The pleasure of a well-told story

Susan Reuben loves hearing stories read out loud. But don't ask her to caw.

May 2, 2019 11:32
The love of books can start in the classroom
3 min read

When I was nine-years-old, Mrs Bell, the teacher from the other form, would visit our classroom once a week to read us a story. From the first word, we were transfixed. It didn’t matter what she was reading — her voice was like a spell: charismatic, compelling, drawing each one of us inexorably into whichever world she had chosen that day.

The moment break-time came, the class would rampage to the school library, desperate to be the first to get hold of a copy of that week’s book so we could carry on reading it. Henceforth, it would pass from hand to hand till everyone had had their turn.

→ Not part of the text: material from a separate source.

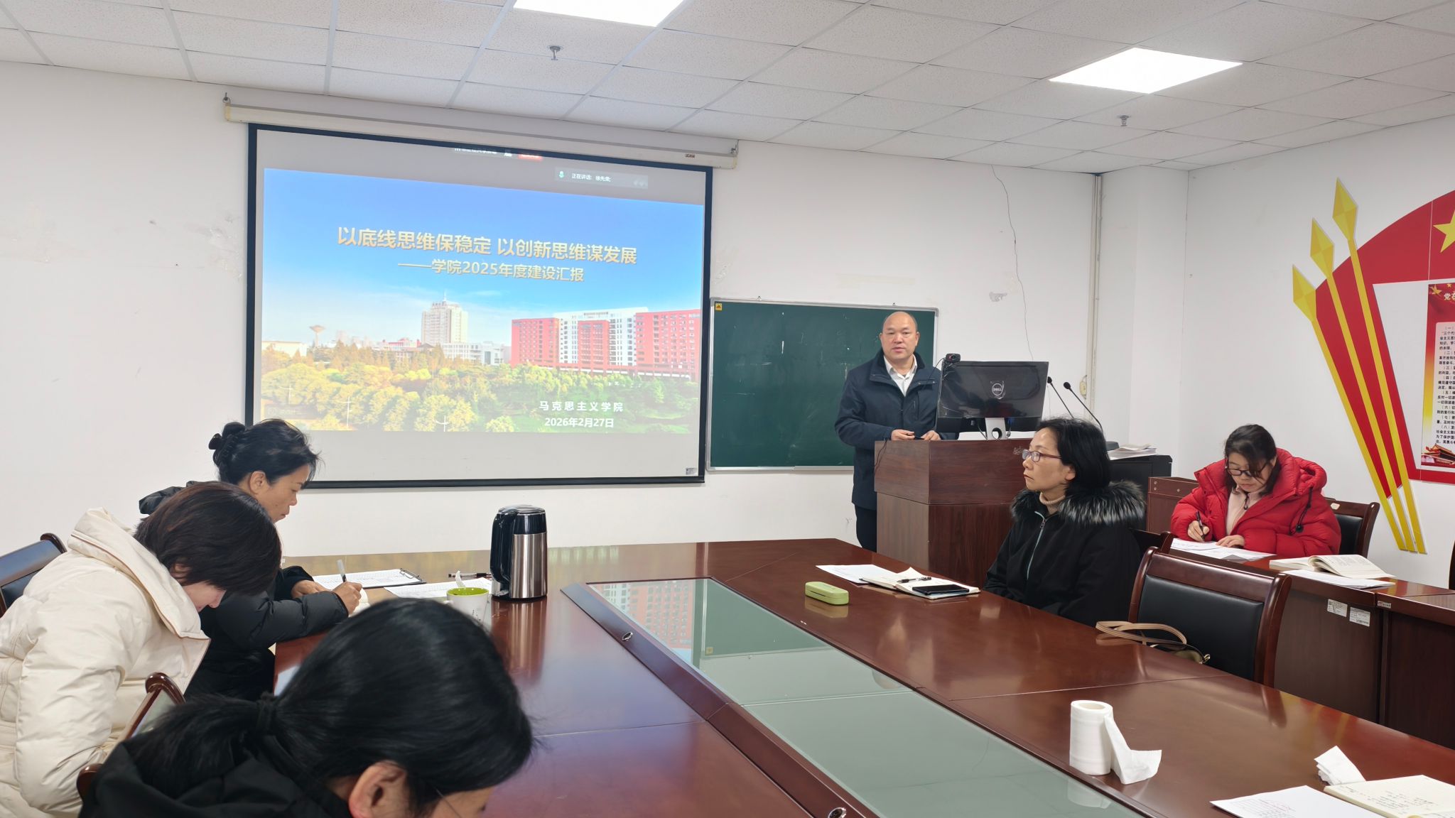 皇冠体育官方网站其他领导班子成员依次就分管工作进行安排部署,明确工作重点和推进方向。副院长张莉强调了开学第一周教学工作安排,讲解了思政课教学质量提升计划和以赛促教的工作举措;副院长涂江波复盘了2025年科研工作中存在的短板与不足,就深入推进有组织的科研提出了实施路径;党委副书记竺正海围绕员工工作“稳基础、促规范、亮特色”的工作思路,提出了“三查”、“两关注”的具体要求。

Something quite particular happens to a story when you hear it read out loud; it’s quite a different experience to absorbing it directly from the page. There is less time to reflect and to process, but the impact is richer and more dramatic. Each time, it’s like a new recipe, the triple ingredient of reader, listener and story producing endlessly varied results. Little wonder that, thousands of years after humans first learned to write stories down, we still choose to speak them aloud as well — and not just for children who haven’t yet learned to read.

We have, of course, just emerged from the ultimate festival of storytelling; at Pesach, we are not merely encouraged, but commanded to relate the story of the Exodus to our children so that it may pass down through the generations.